In 1998, we moved from Saint Charles, Illinois to Kokomo, Indiana. This move, in my mind would be the move that made everything better. Our son Micah was two years old, Trisha was pregnant with Elijah, and our marriage of three years wasn’t going how either of us envisioned it would go.

This move was going to be special because we were moving from an $800 per month, 800 sq. ft apartment to a $525 per month, 1200 sq. ft house that we were buying! We were buying our first house.

In my mind, this would solve everything. Our house had a yard, it had neighbors, it had privacy, it had sidewalks, it had space. We were going to own it.

I was convinced that this house would fix Trish.

This house would solve our problems; this would would reduce the frequency of our arguments. This house would cover all of the things we disagreed about.

I soon came to realize that our first house didn’t fix it.

The truth is that we can never expect an external thing to fix internal problems. That just won’t happen.

So often when people are having marriage problems, they have this belief that if we just had this or if we just accomplished that or if we just got this or just moved there, then the problems in our relationship will go away or be solved.
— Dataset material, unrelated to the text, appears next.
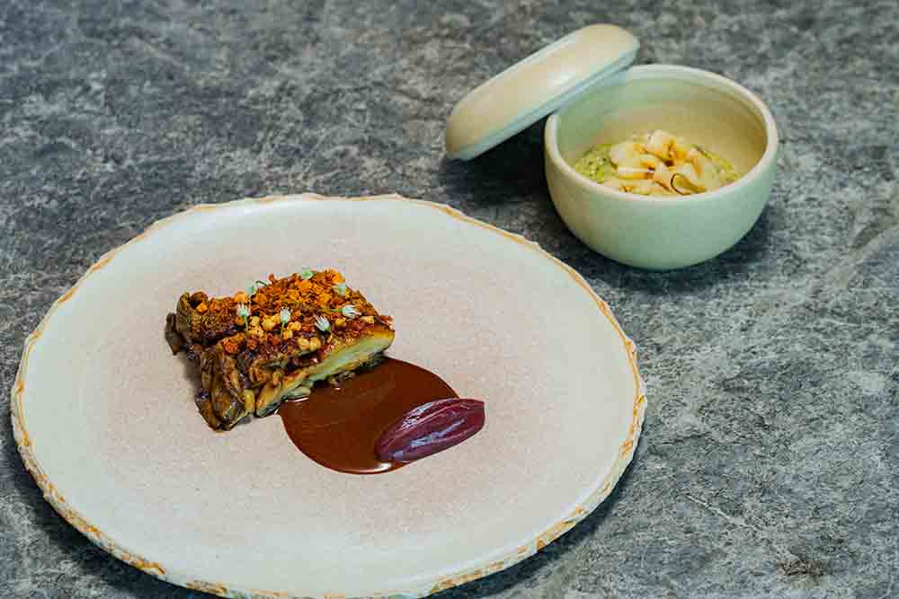 • Jamur Raja | Biji Bunga Matahari | Ara – Jamur King Blue panggang dengan glasir lembut, disajikan bersama irisan jamur eryngii, pure buah ara, saus akar-akaran, biji bunga matahari, serta keju Mae Lao yang berumur.

Our marriage will be better when:

  • I get that promotion
  • We get out of debt
  • We move to a bigger house
  • I finish my degree
  • We make more money
  • We move closer to “home”
  • We have a baby

Houses are great. Promotions are awesome. Degrees are outstanding. Babies are amazing. But a baby won’t fix it. A baby won’t fix the distance you feel. A baby won’t restore trust when trust has been broken. A baby won’t help you be more honest with each other. A baby won’t bring you closer spiritually. A baby won’t help you forgive. A baby won’t cause him to pursue you more. A baby won’t fix it.

We can’t count on something external, whatever that something is, to fix an internal problem.

There are two things that will fix what is wrong with your marriage.

  • Pursuing God
  • Pursuing your spouse

When you do those two things, you allow what is broken in your heart, in your relationship, in your soul to begin to find healing. You begin to move closer to God and closer to your spouse and in that process you begin to address the issues that you have rather than counting on a new house or a job promotion to cover those issues up.

A ____________ won’t fix it.

But your pursuit of God and your spouse can.